Hopes for an end to the fighting in the Persian Gulf region faded over the weekend as U.S. President Donald Trump threatened to strike Iran’s power grid and Tehran vowed to retaliate against its neighbors’ energy and water systems.
“The market assumption is that countries and economies that experience a positive supply shock from energy are likely to perform better than those that suffer a negative supply shock,” said Rodrigo Catril, currency strategist at National Australia Bank.
“So we see the euro and the yen experiencing difficulties. Again, if this conflict drags on, we can assume that these are the currencies that are likely to be hit the hardest.”
On Saturday night, Trump issued another threat against Iran, less than 24 hours after signaling that the U.S. may be considering winding down the conflict.

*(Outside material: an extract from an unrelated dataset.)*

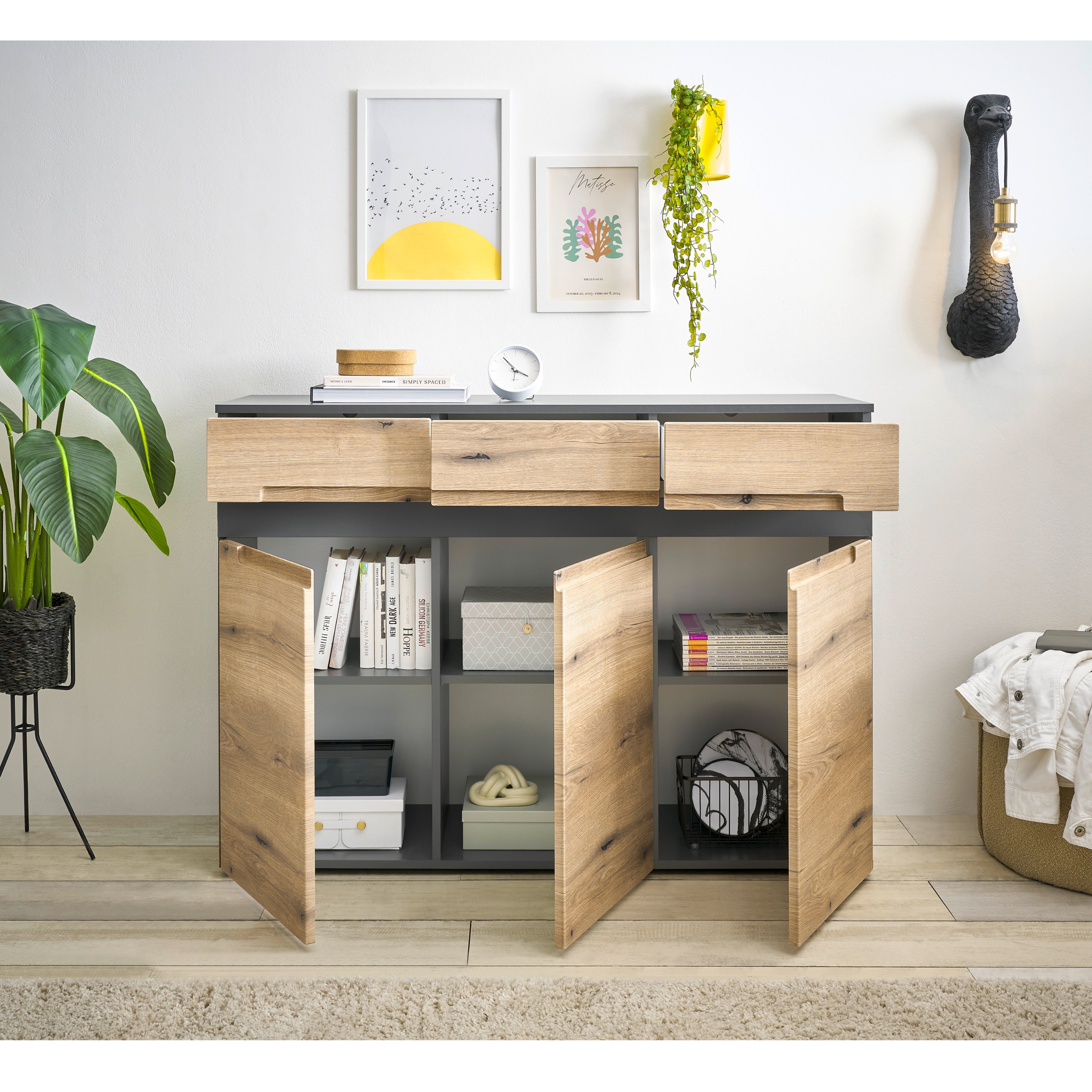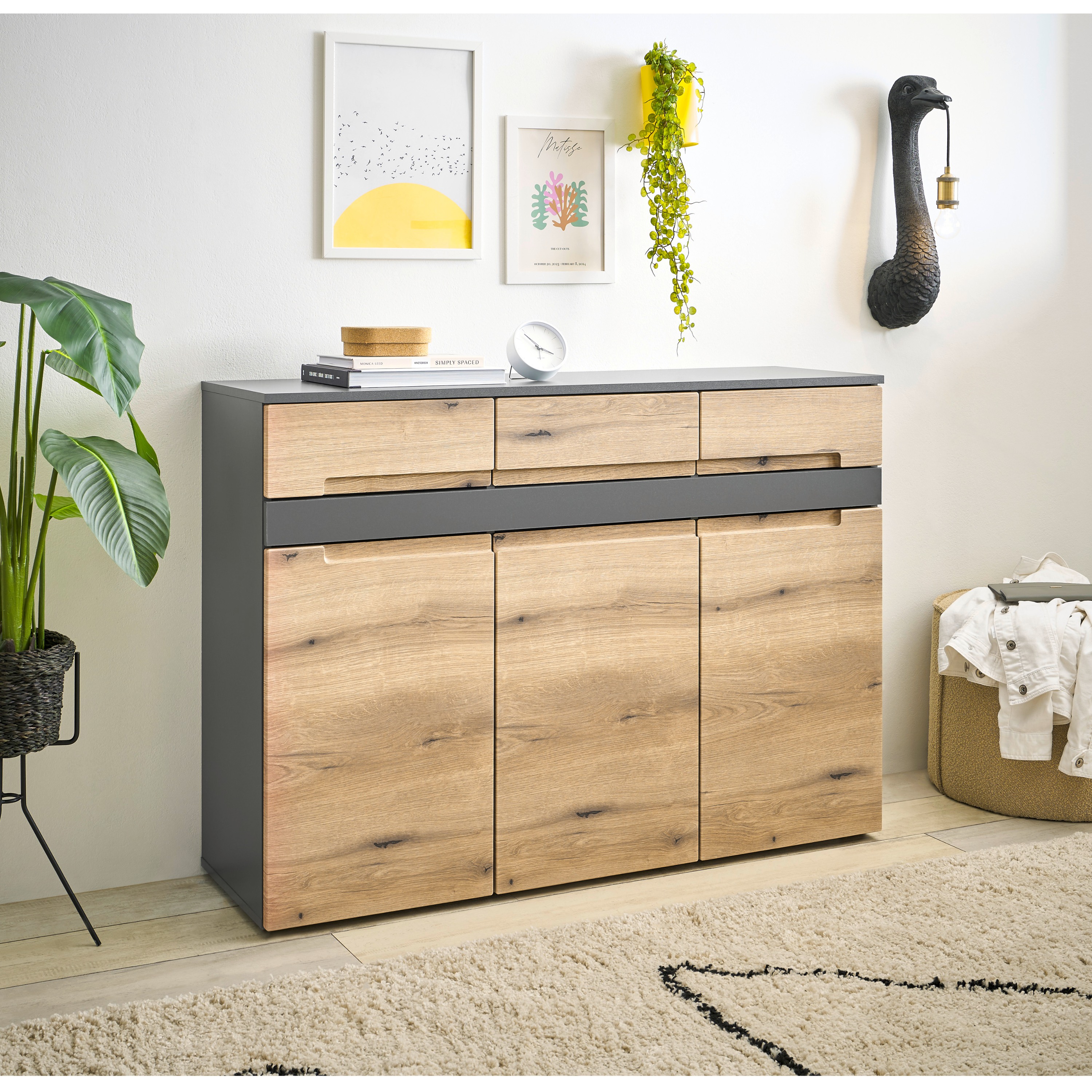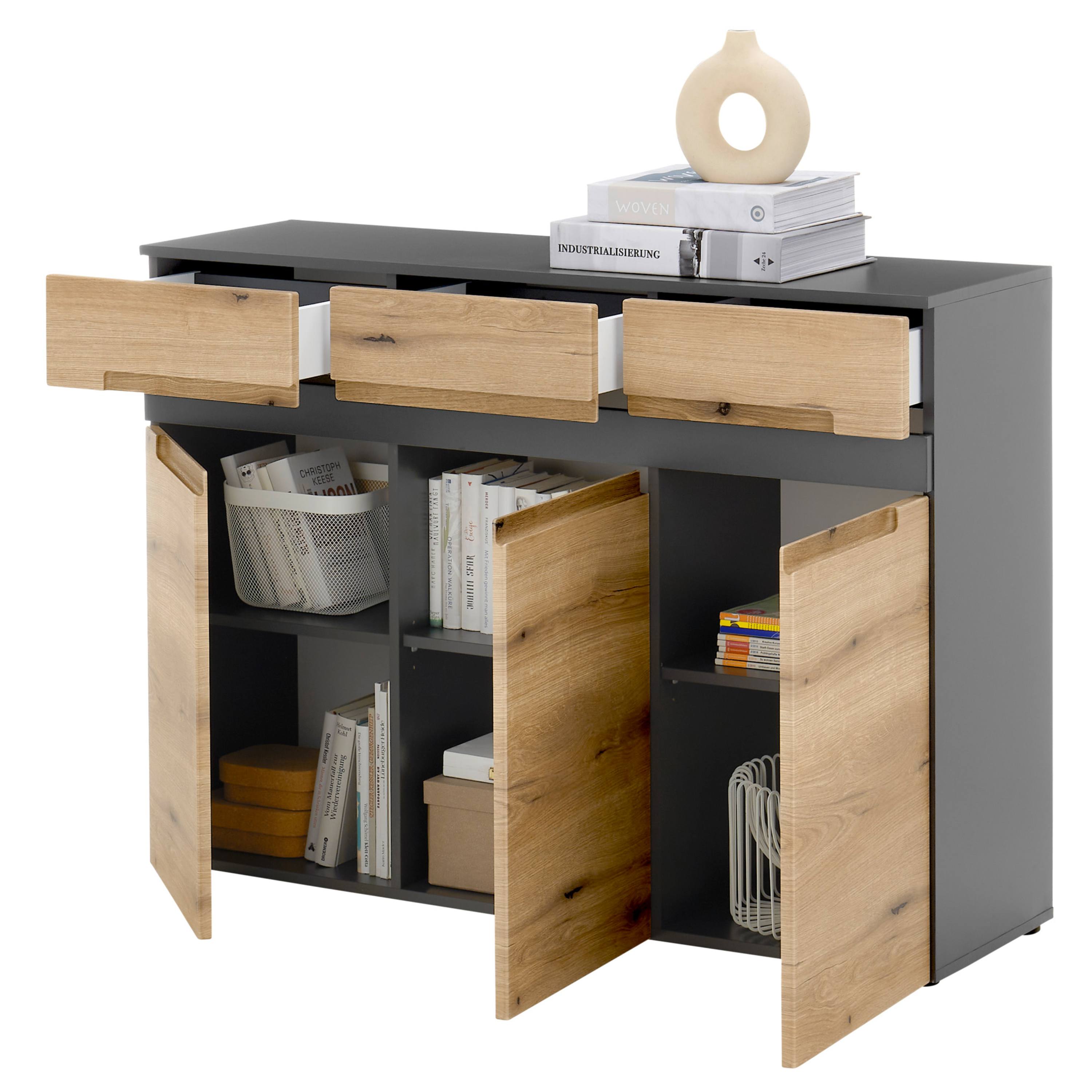 Komoda TAYLOR 3 v moderním provedení s čistými liniemi zaujme kontrastní kombinací dekoru dubu evoke a antracitové barvy, díky které snadno zapadne do současných interiérů.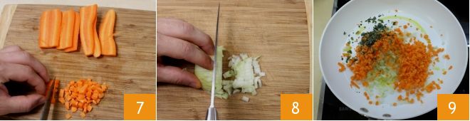 Do the same with the carrots, cleaned and trimmed at the ends 7, and then with the peeled and finely chopped onion 8. Place the chopped celery, carrot, and onion in a large pan with a drizzle of oil and add the chopped sage 9. Sauté over low heat, adding a little water if necessary to prevent the vegetables from burning.

Iran has vowed to retaliate against infrastructure in neighboring countries and said the shipping channel for oil in the Strait of Hormuz would remain closed.
The prospect of retaliatory strikes on civilian infrastructure in the region threatens the livelihoods of millions of people who depend on desalination plants for water supplies. Since early Sunday morning, air-raid sirens have sounded across Israel warning of approaching missiles from Iran.